Many of us crave a holiday break from technology, but sometimes it's easier said than done.

Most of us probably spend more quality time connected to various devices than we do with the people we hold dear. Sure, technology is remarkable -- but nowadays we crave a break from the work emails and phone calls that consume us. But is a true break from technology really practical?

Probably not. According to a 2012 Time magazine poll, 84% of people said that they could not go a single day without their cellphones, while 68% admitted they even sleep with their phone next to them like a teddy bear.

As freeing as an unplugged holiday may seem, it's just not practical for me in my role as a CIO/CISO. Take the consequences of working in a global market. This has forced me to increase my visibility and availability, and to maintain a high level of reliability when it comes to technology assets -- all of which I lose if I vow not to check email or take work calls.

(Image: Pixabay)
(Image: Pixabay)

There's also the role I play in security and risk management. Given the rising number of security breaches -- and knowing that hackers don't always attack during business hours -- I need to be available around the clock. Finally, transformative and disruptive technologies come into play. Though they're often helpful, they also mean that CIOs are further expected to be available should problems arise. In a hospital environment, for example, these technologies might include a decision support system or a clinical intelligence solution that clinicians rely on to make patient care decisions.

[Sometimes you can't unplug even if you try. Read 7 Excuses To Avoid Family Tech Support.]

But on a more personal level, disconnecting during the holidays would also impact my interactions with friends and family -- we Skype with relatives, Facebook with friends, and engage on Twitter, for example. Disavowing technology for my immediate family means less quality time with my extended family, too.

Though some people might view technology as a burden during time off, I'm actually thankful for it. Being connected means I can take a week-long vacation and not worry that my absence might cause a catastrophe in my organization -- because people know they can reach me if they must. (Still, not once in my career have I received "the call" while away -- that notification that a critical information asset failed and was likely to impact core services. Knock on wood.)

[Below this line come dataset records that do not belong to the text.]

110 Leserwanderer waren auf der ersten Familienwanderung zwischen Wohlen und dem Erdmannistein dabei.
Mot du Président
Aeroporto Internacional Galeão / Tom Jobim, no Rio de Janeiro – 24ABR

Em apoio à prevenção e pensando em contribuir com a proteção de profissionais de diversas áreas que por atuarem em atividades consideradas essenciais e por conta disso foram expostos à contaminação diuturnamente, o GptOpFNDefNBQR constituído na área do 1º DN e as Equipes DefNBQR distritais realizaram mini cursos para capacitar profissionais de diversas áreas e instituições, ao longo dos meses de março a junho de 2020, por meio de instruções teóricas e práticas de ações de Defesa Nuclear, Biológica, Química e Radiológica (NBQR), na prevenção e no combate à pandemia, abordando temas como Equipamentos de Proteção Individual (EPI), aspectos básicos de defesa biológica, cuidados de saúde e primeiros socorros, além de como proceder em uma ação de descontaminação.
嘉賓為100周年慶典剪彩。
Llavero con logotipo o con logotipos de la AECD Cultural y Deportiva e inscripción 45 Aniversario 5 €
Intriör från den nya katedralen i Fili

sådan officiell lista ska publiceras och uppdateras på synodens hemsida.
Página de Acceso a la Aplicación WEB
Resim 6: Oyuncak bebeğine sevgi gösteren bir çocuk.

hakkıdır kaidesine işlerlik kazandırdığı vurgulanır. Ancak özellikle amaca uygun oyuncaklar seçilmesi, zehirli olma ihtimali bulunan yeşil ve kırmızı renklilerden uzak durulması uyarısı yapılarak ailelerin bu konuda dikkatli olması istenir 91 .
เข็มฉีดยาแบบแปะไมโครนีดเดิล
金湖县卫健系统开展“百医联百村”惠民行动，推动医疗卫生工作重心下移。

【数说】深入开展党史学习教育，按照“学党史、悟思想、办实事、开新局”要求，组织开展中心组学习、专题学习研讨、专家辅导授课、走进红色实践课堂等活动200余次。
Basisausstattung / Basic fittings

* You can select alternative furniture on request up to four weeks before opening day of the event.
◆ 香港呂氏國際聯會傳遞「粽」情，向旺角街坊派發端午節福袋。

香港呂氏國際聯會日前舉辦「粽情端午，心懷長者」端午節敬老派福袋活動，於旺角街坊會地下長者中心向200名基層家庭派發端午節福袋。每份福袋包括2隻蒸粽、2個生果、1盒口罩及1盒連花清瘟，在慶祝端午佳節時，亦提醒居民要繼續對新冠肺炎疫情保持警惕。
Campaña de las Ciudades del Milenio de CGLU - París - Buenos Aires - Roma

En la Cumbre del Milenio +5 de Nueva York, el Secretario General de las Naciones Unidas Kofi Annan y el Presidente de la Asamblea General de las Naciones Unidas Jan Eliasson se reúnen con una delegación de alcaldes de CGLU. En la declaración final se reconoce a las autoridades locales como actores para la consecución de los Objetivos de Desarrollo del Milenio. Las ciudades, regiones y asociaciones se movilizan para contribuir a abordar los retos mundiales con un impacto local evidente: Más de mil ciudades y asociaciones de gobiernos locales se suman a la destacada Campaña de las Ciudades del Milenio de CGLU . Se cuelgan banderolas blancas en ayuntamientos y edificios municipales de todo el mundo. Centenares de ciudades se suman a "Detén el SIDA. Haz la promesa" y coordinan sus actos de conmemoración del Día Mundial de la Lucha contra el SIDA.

I learned very early in my career that taking time off and staying connected is a delicate balance. If a crisis arises where I absolutely have to work, I carve out a set period of time during the day to do so. I'm also able to recognize when my presence is not absolutely necessary, and I know when to just say no.

Here's what I recommend for balancing work while on vacation: First, be proactive about scheduling and build downtime into your schedule. In that time, focus on those activities that add value, and consider outsourcing or delegating the stuff that doesn't. Finally, realize that a little relaxation goes a long way in helping you recharge.

What are your plans for managing (or avoiding) technology this vacation? Let's hear your thoughts.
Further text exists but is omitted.